After subtracting both IMFs the larger 12 Hz oscillation now looks very smooth.

```plt.figure()

plt.subplot(311)
plt.plot(x - imf1)
plt.title('Signal - IMF1')
plt.xticks([])

plt.subplot(312)
plt.plot(imf2)
plt.title('IMF 2')
plt.xticks([])

plt.subplot(313)
plt.plot(x - imf1 - imf2)
plt.title('Signal - IMF1 & IMF2')
plt.xticks([])
```
```([], [])
```

The next IMF extraction is very simple.
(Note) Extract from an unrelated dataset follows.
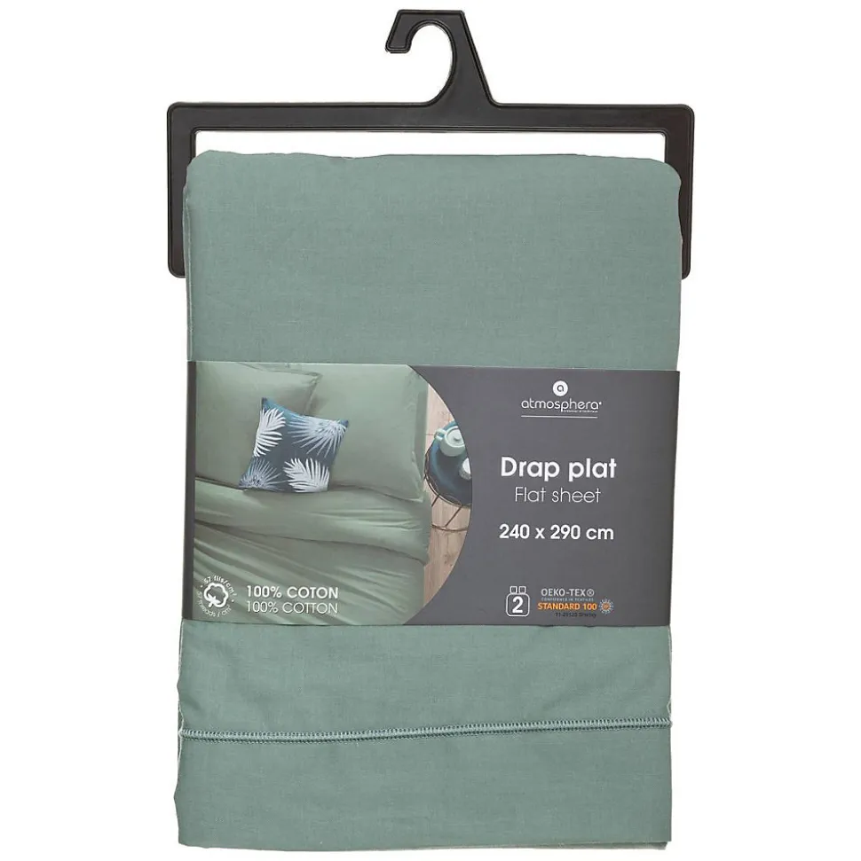 Laissez-vous séduire par le drap plat en coton Atmosphera.Doux et légerCe drap uni deux personnes existe dans une large gamme de couleurs. En coton, cette matière résistante et respirante vous offrira des nuits parfaitement sereines. Choisissez la couleur de vos rêves parmi tous les coloris de la gamme.Selon votre inspiration, associez votre drap à une housse de couette et des taies d’oreiller assorties, contrastantes ou imprimées Atmosphera.Produit labellisé OEKO-TEX

It only takes a single iteration to remove the slow drift from the 12Hz oscillation

```imf3 = my_get_next_imf(x - imf1 - imf2, zoom=(100, 800))
```

The residual of the signal with the first 3 IMFs is now close to a trend.

```plt.figure()

plt.subplot(311)
plt.plot(x - imf1 - imf2)
plt.title('Signal - IMF1 & IMF2')
plt.xticks([])

plt.subplot(312)
plt.plot(imf3)
plt.title('IMF3')
plt.xticks([])

plt.subplot(313)
plt.plot(x - imf1 - imf2 - imf3)
plt.title('Signal - IMF1 & IMF2 & IMF3')
plt.xticks([])
```
```([], [])
```

## The top-level sift function#

This whole process is implemented in `emd.sift.sift`. Here we run the sift using the top level function and recover the same components as we generated during this tutorial.

```imf = emd.sift.sift(x, imf_opts={'sd_thresh': 0.1})
emd.plotting.plot_imfs(imf)
```
```<AxesSubplot:xlabel='Time (samples)'>
```

`emd.sift.sift` is highly customisable with many options tuning the peak detection, envelope interpolation and sift thresholds.